* **RECORDS FOR THIS EXERCISE**
****

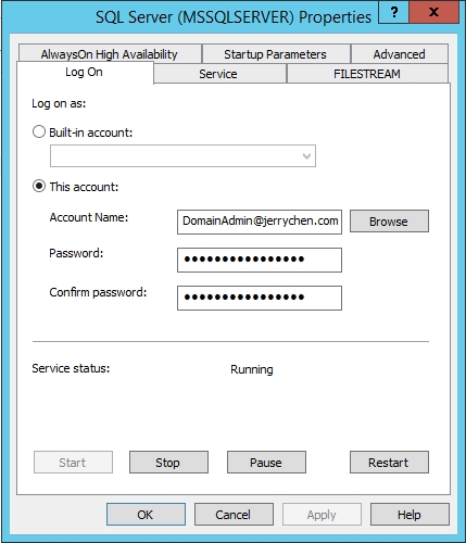 配置服务账户保证其有足够的权限操作
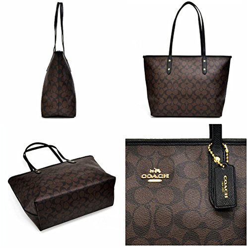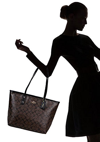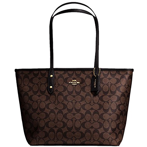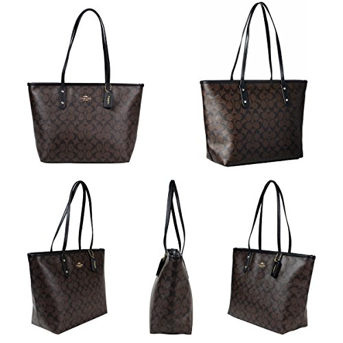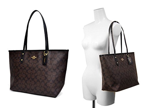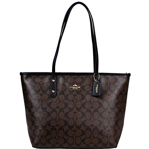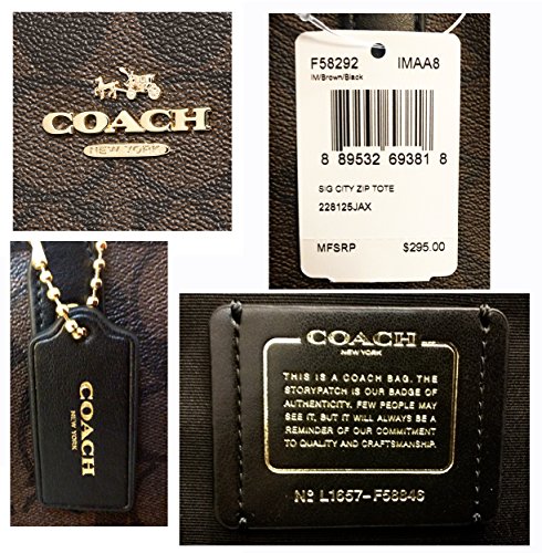 -. Title : New Authentic Signature City Zip Tote in Monogram Brown/Black - Large
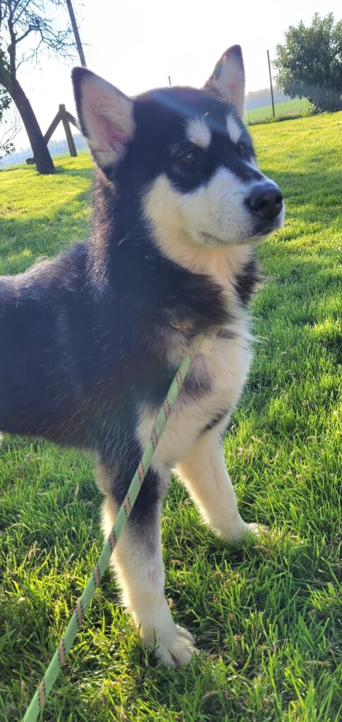 Athéna est une jeune femelle Malamute d’alaska de bientôt 10 mois, sociable et très afectueuse. Elle est vendue stérélisée.
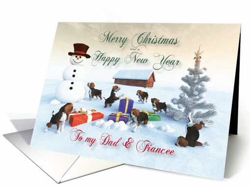 | Title: | Beagle Puppies Christmas New Year Snowscene Dad & Fiancee |
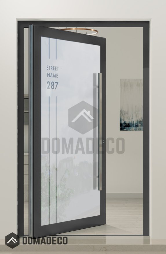 PIVOT Glass S23 - aluminum frosted pivot door with with with transparent home adress
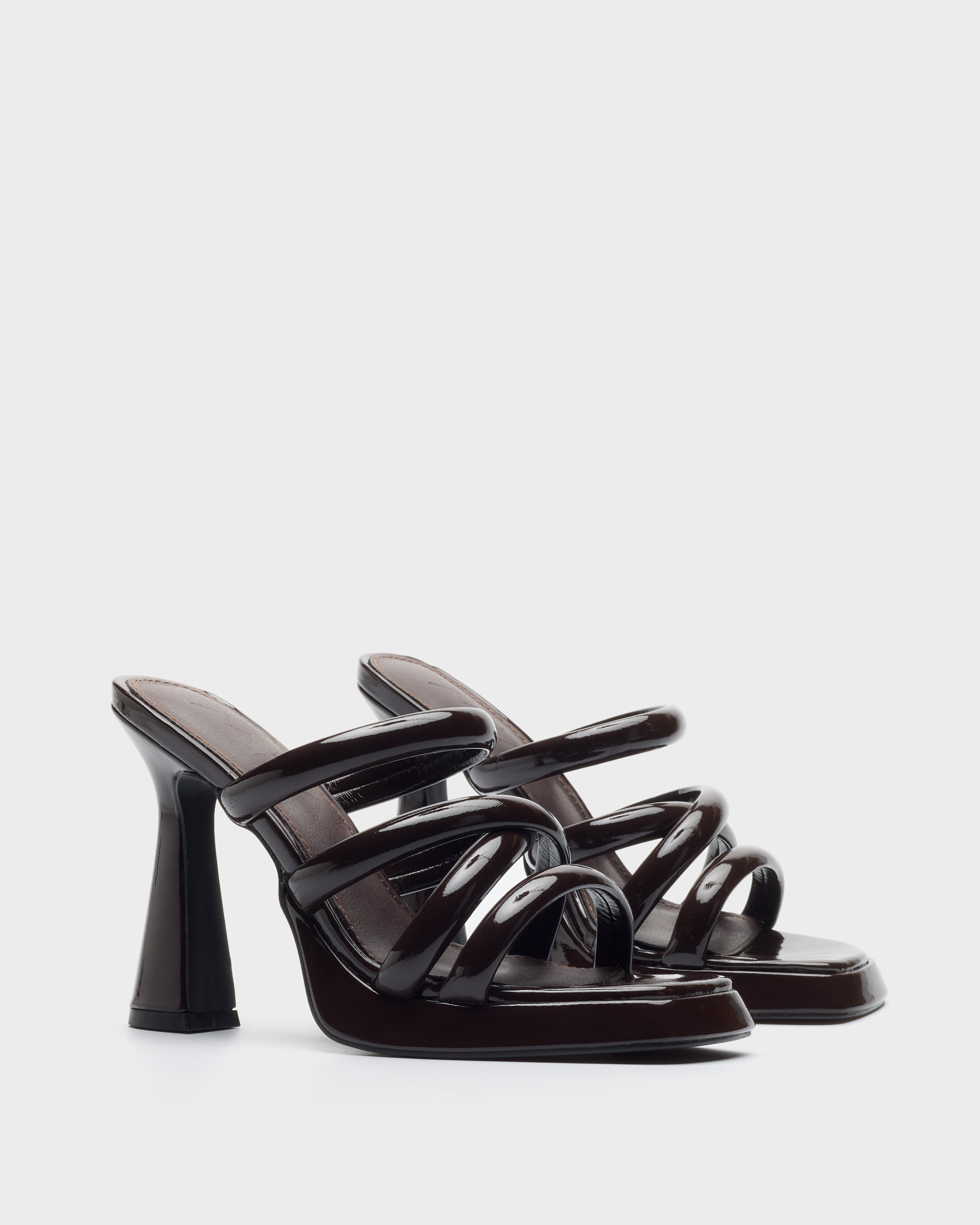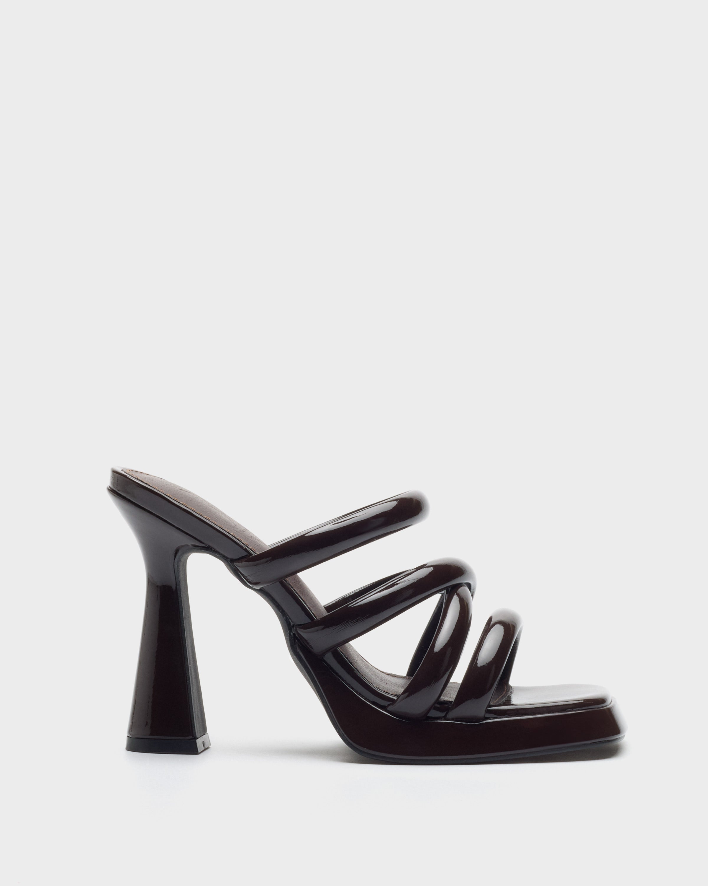 Sandalia de tacón con plataforma en PU color chocolate. Parte delantera abierta con tiras tubulares acolchadas y tacón fino con plataforma cuadrada.
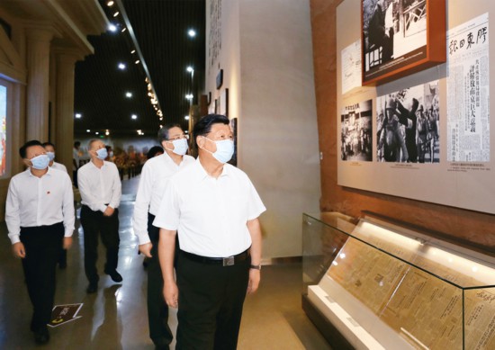 2020年8月18日至21日,中共中央總書記、國家主席、中央軍委主席習(xí)近平在安徽省考察。這是19日下午,習(xí)近平在合肥市參觀渡江戰(zhàn)役紀(jì)念館,重溫革命歷史,緬懷革命先輩的豐功偉績。 新華社記者 鞠鵬/攝
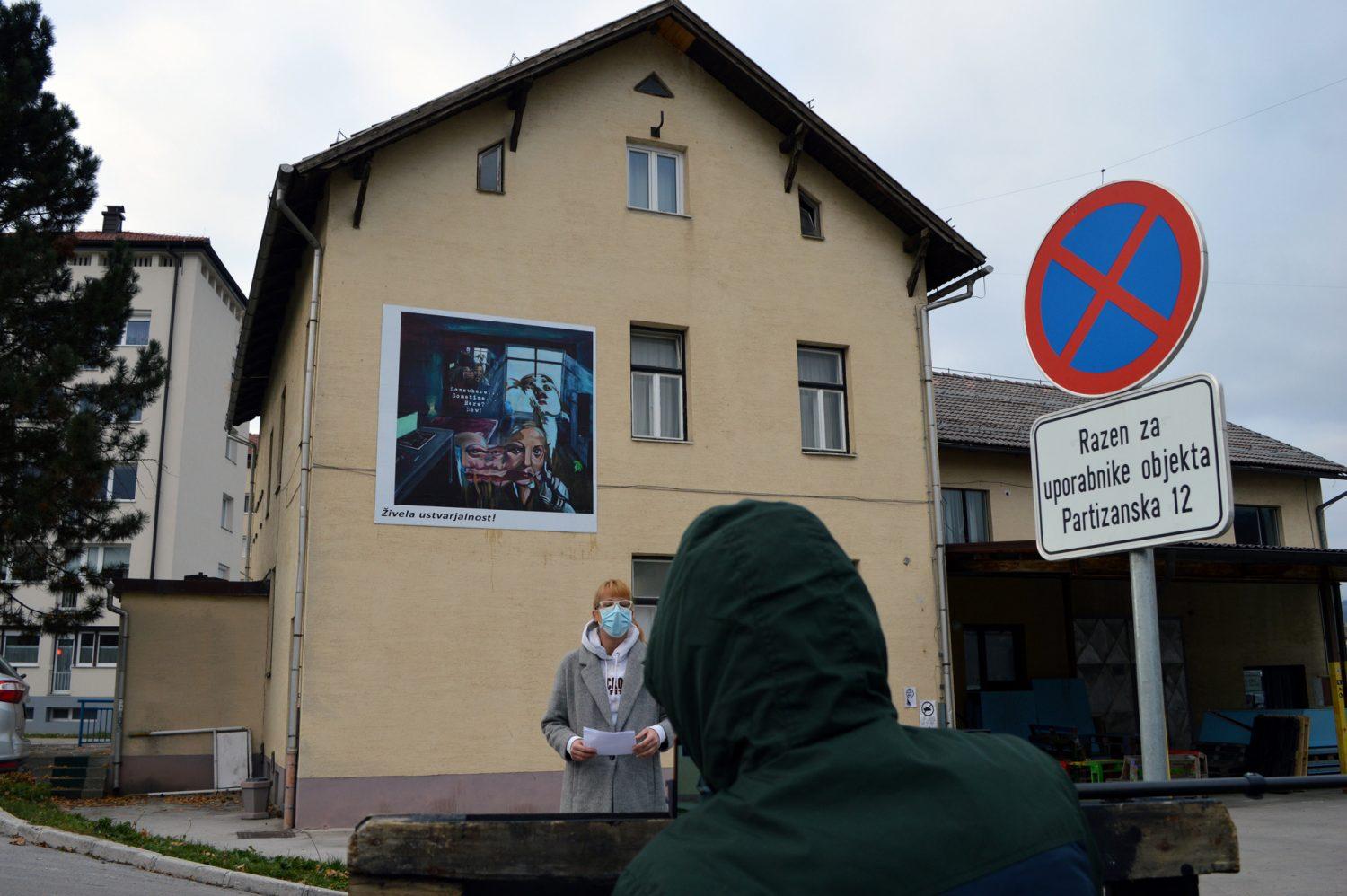 Za realizacijo zadnjega dogodka v nizu letošnje edicije Živela ustvarjalnost!, ki je potekal 1. decembra, je bila projektna ekipa primorana, zaradi ukrepov, povezanih s Covid-19, nekoliko prilagoditi izvedbo. Otvoritev je zato potekala virtualno, delo pa so na ogled postavili na prostem.

****

In your copy, omit the pictures and restate every line of the data word for word.

 配置服务账户保证其有足够的权限操作
 -. Title : New Authentic Signature City Zip Tote in Monogram Brown/Black - Large
 Athéna est une jeune femelle Malamute d’alaska de bientôt 10 mois, sociable et très afectueuse. Elle est vendue stérélisée.
 | Title: | Beagle Puppies Christmas New Year Snowscene Dad & Fiancee |
 PIVOT Glass S23 - aluminum frosted pivot door with with with transparent home adress
 Sandalia de tacón con plataforma en PU color chocolate. Parte delantera abierta con tiras tubulares acolchadas y tacón fino con plataforma cuadrada.
 2020年8月18日至21日,中共中央總書記、國家主席、中央軍委主席習(xí)近平在安徽省考察。這是19日下午,習(xí)近平在合肥市參觀渡江戰(zhàn)役紀(jì)念館,重溫革命歷史,緬懷革命先輩的豐功偉績。 新華社記者 鞠鵬/攝
 Za realizacijo zadnjega dogodka v nizu letošnje edicije Živela ustvarjalnost!, ki je potekal 1. decembra, je bila projektna ekipa primorana, zaradi ukrepov, povezanih s Covid-19, nekoliko prilagoditi izvedbo. Otvoritev je zato potekala virtualno, delo pa so na ogled postavili na prostem.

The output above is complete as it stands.